Nissan Leaf completes record breaking self-driving journey

Nissan has made claim to the world record for the longest self-driving car journey, after a Nissan Leaf packed full of cameras, sensors, satellites and a safety driver rolled into the company’s European headquarters in Sunderland to complete a 370km road trip.

Fitted with seven cameras, eight lidar sensors, two GPS satellite receivers and numerous computers, the self-driving car left Cranfield University in Bedfordshire on a journey that took the vehicle along country roads, motorways and a semi-urban environment to prove its capabilities across various environments.
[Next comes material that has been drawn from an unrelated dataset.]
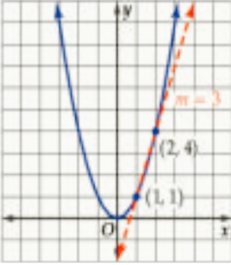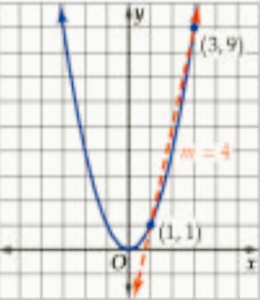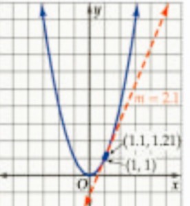 تعلمت سابقاً ان معدل تغير منحنى دالة غير خطية يتغير من نقطه الى أخرى عليه، ويمكن حساب متوسط معدل تغير الدالة غير الخطية على فترة باستعمال ميل القاطع. ففي التمثيلات البيانيه ادناه للداله y=x^2 والقاطع الذي يقطعه ماراً بالنقطه (1,1) و بنقطه اخرى مثل (3,9) او (2,4) او (1.1,1.21) ،تجد ان القاطع يتخذ اوضاعاً مختلفه يتغير خلالها ميله

The electric Leaf was also able to navigate roads with little or no markings and a series of roundabouts and junctions.

The journey marks a major breakthrough for autonomous vehicle technology, with the seven-and-a-half-hour journey demonstrating the extent to which autonomous technology has advanced in recent years.
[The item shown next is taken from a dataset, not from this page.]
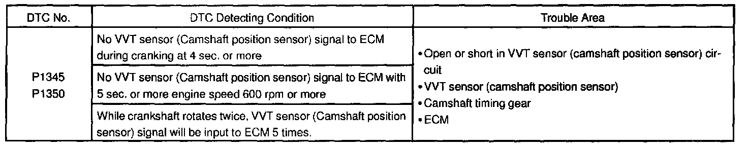 P1345 - VVT Sensor/CKP Sensor Circuit Malfunction (Bank 1)CIRCUIT DESCRIPTION
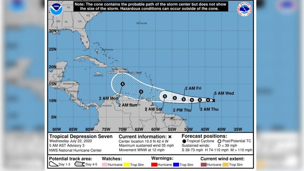 La Comisión Nacional del Agua, pronostica que para mañana, pueda alcanzar la fase de huracán categoría 1, con vientos de 120 a 150 km/h, pero regresar a Tormenta Tropical el fin de semana, y se espera que para el lunes 27 de julio, se ubique a mil 760 km al este sureste de Cancún, con vientos de 75 a 95 km/h, por lo que se recomienda a la población mantenerse pendientes de los boletines que emitan las autoridades correspondientes como CONAGUA o Protección Civil, así como de medios oficiales.

Nissan European Senior Vice President for research and development, David Moss, said the self-driving car was so successful that other road users wouldn’t have noticed it was driving itself.

“The vehicle is much more aware of what is happening in that surrounding area than possibly a driver would be because of the amount of sensors which are continually monitoring the environment,” said Moss.

“Other drivers around the vehicle would not have noticed that the vehicle is actually fully autonomous.”

While recent trials have proven successful, it is believed that self-driving technology won’t be made commercially available for some time yet. This is despite Tesla promising to have full self-driving systems ready by 2020 and GM recently releasing a concept for the fully autonomous Origin vehicle.

Nissan have been developing self-driving technology in the Leaf since as early as 2013, with European trials commencing in 2017. With more than seven years already invested into the technology, Nissan has been able to rollout technology for lower levels of autonomy such as the ProPilot, which assists drivers with accelerating, braking and steering.